Tasaduq Sohail is a piquant character, a convincing story-teller and consummate artist who has lived a free and independent life untrammelled by kith or kin. His close companion who, for many years, lived in his London attic studio was a tomcat named Khan, who often appeared in his paintings.

Sohail was initially an Urdu short story writer who made his home in London where he lived for four decades. Working at numerous odd jobs to earn a meagre living, he attended evening classes at St. Martin’s School of Art, where his efforts were strongly encouraged by his teachers. Working at numerous odd jobs, he focused on painting and exhibited his work at weekends with other artists at Hyde Park.

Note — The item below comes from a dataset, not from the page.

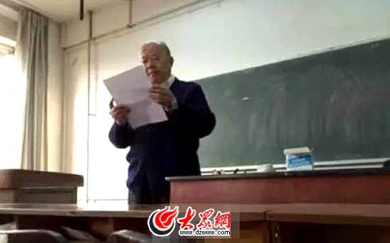 “教授向?qū)W生自我檢討,我們從來沒有遇見過!”山東師范大學(xué)比較文學(xué)與世界文學(xué)專業(yè)2015級(jí)研究生胡燕說,就算王教授不說什么,也不會(huì)有人怪罪他。然而他卻鄭重其事地向同學(xué)們道歉,使得同學(xué)們震驚、感動(dòng),更有種對(duì)老教授的崇敬。

According to Sohail, a palmist once read his hand and told him he would acquire fame at the age of 60; the rest is history. He was discovered by gallery directors in London, and his drawings were acquired by the British Museum. He travelled, was exhibited in the US and Scandinavia, and in Pakistan, his work became a popular feature of the Indus Gallery, with Ali Imam taking a proprietorial interest.

Celebrity palled after a time and he missed the carefree life of the Hyde Park painters. When Khan had lived his long life to the full, the artist decided to settle in Karachi, where he now lives quietly writing his surreal stories and painting his vision of the world.

Now showing his latest work at Chawkandi Art, Sohail was beaming. “It has taken me forty years to get here,” he said, referring to the gallery, and delighted by the ambience and professional handling of his work. The collection of 27 paintings on show rendered in oil on canvas and watercolour on paper is the result of two years’ work and each piece is quintessentially Sohail.

He retains his unique handling of the media while maintaining the symbolism and potency we have come to expect from the artist. In these paintings he has moved away from the small, gothic miniature style of previous shows. Working on larger surfaces, he refers to the earlier work by appearing to focusing on certain aspects.

One finds the fearsome, gargoyle-like faces suffused with suffering; mood changing idyllic, three-dimensional fantasies of beautiful lands where birds and animals reign supreme; and portraits that act as surfaces for his distinctive material qualities. Words are banished, there are no titles to offer hints of the artist’s intentions, and the work speaks volumes, evoking greater force in its ambivalence.

In these, Sohail’s most recent work, one finds a primitive exoticism evoking spontaneous cross-cultural referral; here the artist plumbs the mystery of mankind’s links to nature. One finds people and animals portrayed with equal importance.

In a painting hovering on abstraction, the viewer discovers a world where nudity—a symbol of innocence—is acceptable in a landscape where giant fish, winged creatures and man-sized creatures exist peacefully without fear. Sohail’s paintings are a reminder of a fact of life we had possibly forgotten until recent times: that nature is supreme and we cannot take its most ordinary aspects for granted.